DATASET EXCERPT:
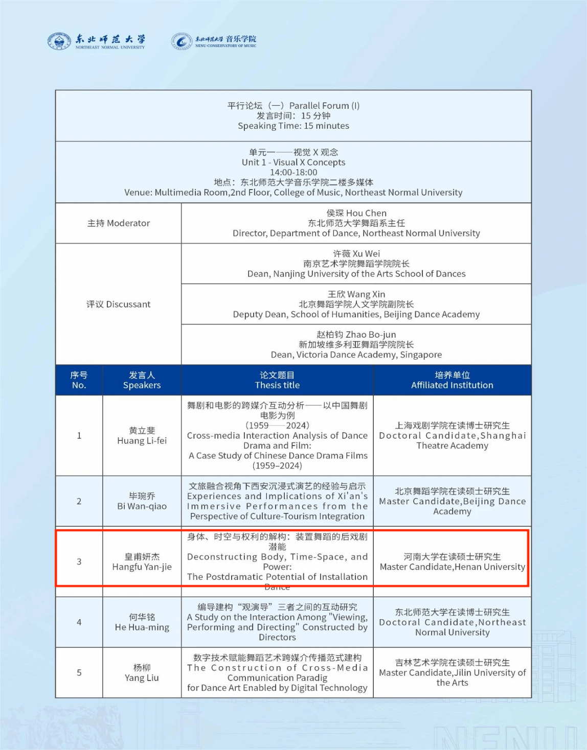 舞蹈系中原文化舞蹈研究所副所长李佼佼老师指导的硕士研究生皇甫妍杰的论文入选2025舞蹈学科硕博国际学术论坛。
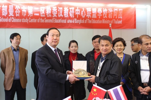 4月6日,泰国教育部曼谷市第二区教委汉教研中心联盟学校来我院进行友好交流访问并签署了合作协议。
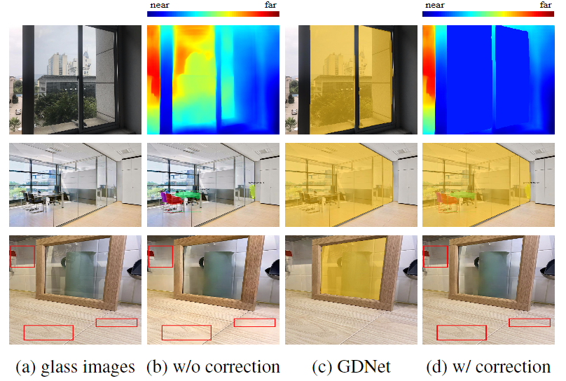 图1.现有视觉任务中的玻璃问题。在深度预测中,现有方法错误地预测了场景在玻璃后面的深度,而不是到玻璃的深度((b)的第1步)。例如,分割方法Mask RCNN 仅分割的实例在玻璃后面,而实际上算法并不知道他们在玻璃后面((b)的第二行)。此外,如果我们将现有的单幅图像反射消除(SIRR)方法直接应用于仅部分被玻璃覆盖的图像,则非玻璃区域可能会损坏((b)的第3行)。GDNet可以检测到玻璃(c),然后纠正这些故障情况(d)。
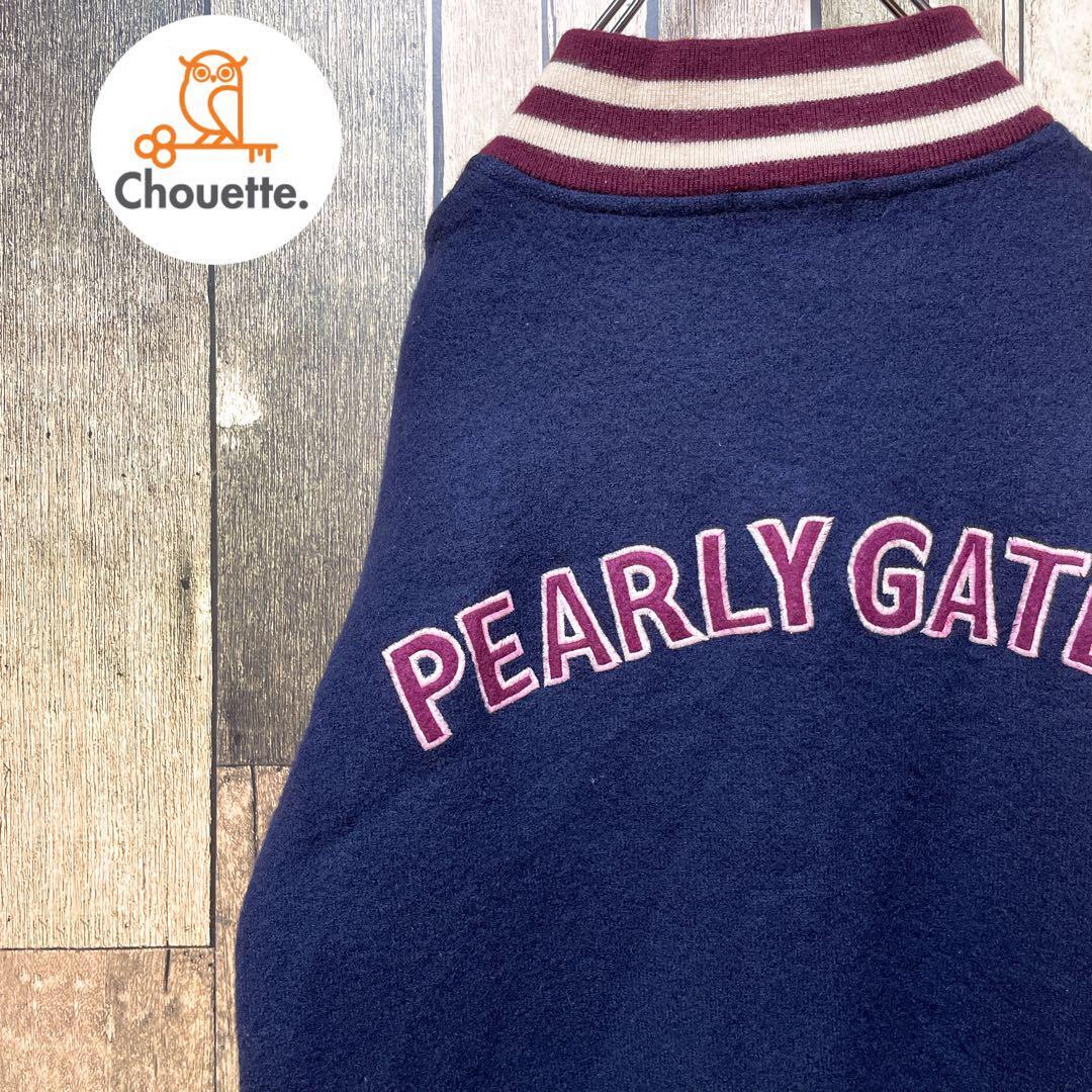 《激レア》パーリーゲイツ PEARLY GATES 紺☆スタジャン L 刺繍ロゴ 全刺繍 デカロゴ ビッグロゴ ワンポイントロゴ ボーダー柄 リブライン ネイビー h166

ACTIVITY: Copy the whole listing above word for word but do not carry over the pictures.

REPLY TO THE TASK:
 舞蹈系中原文化舞蹈研究所副所长李佼佼老师指导的硕士研究生皇甫妍杰的论文入选2025舞蹈学科硕博国际学术论坛。
 4月6日,泰国教育部曼谷市第二区教委汉教研中心联盟学校来我院进行友好交流访问并签署了合作协议。
 图1.现有视觉任务中的玻璃问题。在深度预测中,现有方法错误地预测了场景在玻璃后面的深度,而不是到玻璃的深度((b)的第1步)。例如,分割方法Mask RCNN 仅分割的实例在玻璃后面,而实际上算法并不知道他们在玻璃后面((b)的第二行)。此外,如果我们将现有的单幅图像反射消除(SIRR)方法直接应用于仅部分被玻璃覆盖的图像,则非玻璃区域可能会损坏((b)的第3行)。GDNet可以检测到玻璃(c),然后纠正这些故障情况(d)。
 《激レア》パーリーゲイツ PEARLY GATES 紺☆スタジャン L 刺繍ロゴ 全刺繍 デカロゴ ビッグロゴ ワンポイントロゴ ボーダー柄 リブライン ネイビー h166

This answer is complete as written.